Six years after Haiti was devastated by a magnitude-seven earthquake, the government seismologist who predicted it warns little has been done to protect people in the likely event of a repeat disaster.
Claude Prepetit, the chief seismologist at the Bureau of Mines, says the risk of a major earthquake remains as high today as it was on January 12, 2010, when more than 200,000 people died in a catastrophic event that leveled much of the Haitian capital.
While the poorest country in the Americas has since been studied and carefully mapped by seismologists, authorities have done little to translate what’s been learned into practical measures to limit the effects of another quake, he said.
“This is where the problem lies,” Prepetit said in an interview with AFP. “There has been a construction code in Haiti since 2012, but who is in charge of enforcing it?”
Many of the deaths in the 2010 quake were attributed to poor construction that failed to withstand the force of the quake.
“It’s necessary to move to an operational phase because the point of our studies is to reduce the population’s vulnerability. It is to avoid that there be 300,000 deaths in the next earthquake,” he said.

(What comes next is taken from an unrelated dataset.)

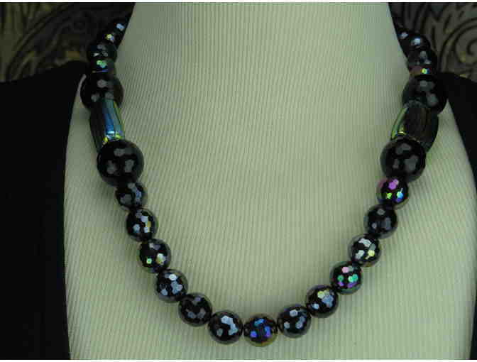 Awesome and Alluring Statement Necklace w/HUGE Faceted Onyx and Crystal elements!

“Yet in the past six years, very few actions and decisions have been taken,” he said.
Prepetit, who had calculated that Haiti faced a threat of a 7.2-magnitude quake before the big one hit, said much more is known about the earthquake risks in Haiti today than in 2010.
Seismologists have conducted detailed studies of the capital Port-au-Prince and the country’s other regions.
They have produced zone-by-zone maps of the densely packed capital to show where it is safe to rebuild.
They have also established 130 sites around the country that use GPS satellites to closely monitor movements of the ground.
Action lags
But, he said, “The operational translation of this scientific information has not been accomplished yet.”
“Local communities should appropriate this data because it is the city halls that issue construction permits. But to be blunt, they have not acted, they have not educated the population.”
Prepetit suggested it is only a matter of time before the Caribbean country experiences another major quake.
He said the studies conducted since 2010 have revealed that the quake originated not with a known major fault in the south as initially believed, but with a previously unknown fault.
“So the energy on the southern fault line is still intact and has increased over the past six years. It could be released at any moment,” he warned.
He said Haiti could experience 7.8 magnitude quakes in another high-risk area in the country’s densely populated north, or a 7.2-magnitude event on faults in its southern peninsula.
“It is quite frustrating to launch alerts and not see reactions because our aim is not to make beautiful maps but, as citizens, to see that measures are taken to limit the damage.”